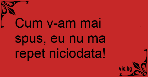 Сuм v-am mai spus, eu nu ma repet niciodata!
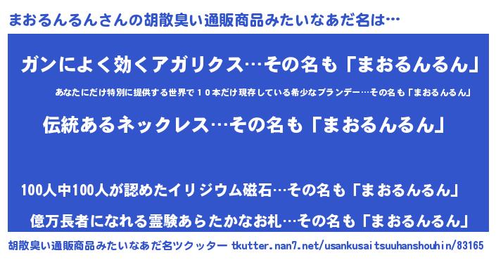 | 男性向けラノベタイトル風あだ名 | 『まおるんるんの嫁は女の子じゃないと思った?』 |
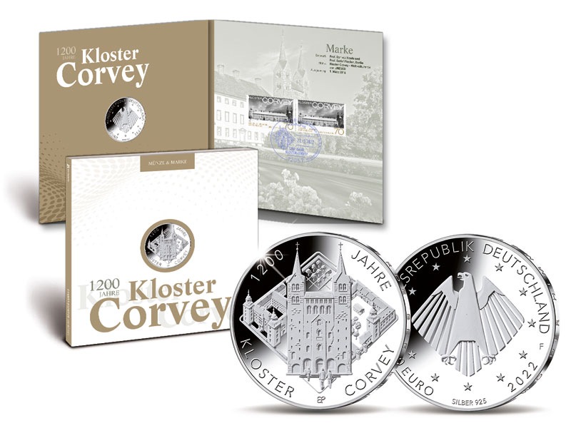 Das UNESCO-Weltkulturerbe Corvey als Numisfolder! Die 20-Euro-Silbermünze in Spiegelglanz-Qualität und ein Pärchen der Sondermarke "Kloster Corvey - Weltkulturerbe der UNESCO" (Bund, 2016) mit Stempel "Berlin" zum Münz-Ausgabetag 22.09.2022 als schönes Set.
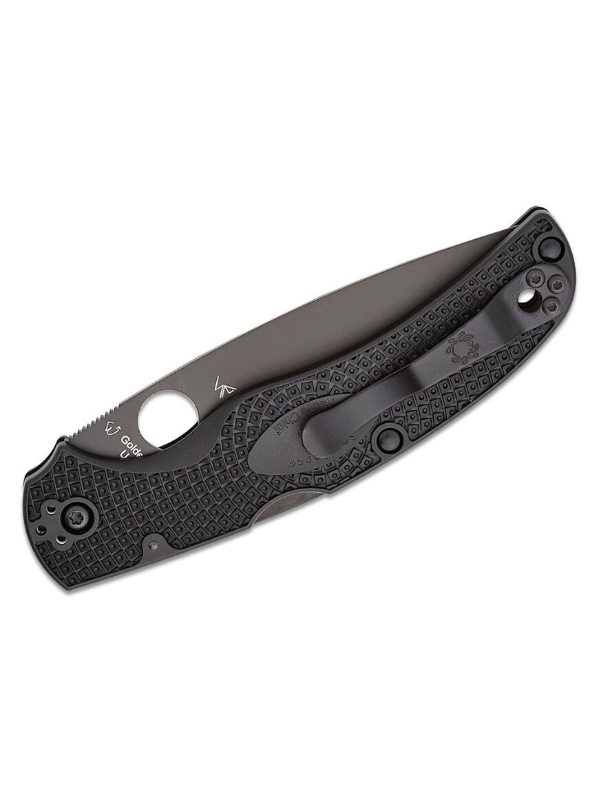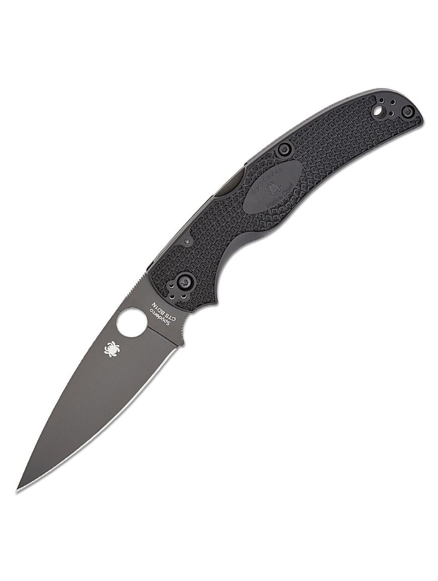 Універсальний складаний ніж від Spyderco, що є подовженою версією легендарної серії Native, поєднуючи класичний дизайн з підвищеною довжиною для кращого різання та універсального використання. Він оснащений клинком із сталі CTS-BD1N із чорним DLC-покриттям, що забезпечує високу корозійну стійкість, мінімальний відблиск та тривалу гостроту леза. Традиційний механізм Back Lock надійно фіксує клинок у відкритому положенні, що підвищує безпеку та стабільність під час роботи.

---

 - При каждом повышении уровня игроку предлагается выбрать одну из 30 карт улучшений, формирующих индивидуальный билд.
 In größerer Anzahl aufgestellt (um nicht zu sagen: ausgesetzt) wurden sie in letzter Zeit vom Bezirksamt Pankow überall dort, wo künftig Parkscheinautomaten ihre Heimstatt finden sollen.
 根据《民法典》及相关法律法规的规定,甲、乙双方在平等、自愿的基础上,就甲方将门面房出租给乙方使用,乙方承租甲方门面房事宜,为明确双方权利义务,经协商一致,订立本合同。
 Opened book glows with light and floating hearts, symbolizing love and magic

§ Work instructions: Your answer must be the lines above from the one containing "根据《民法典》及相关法律法规" to the one containing "Opened book glows", both included, restated word for word.

§ Output of the task:
 根据《民法典》及相关法律法规的规定,甲、乙双方在平等、自愿的基础上,就甲方将门面房出租给乙方使用,乙方承租甲方门面房事宜,为明确双方权利义务,经协商一致,订立本合同。
 Opened book glows with light and floating hearts, symbolizing love and magic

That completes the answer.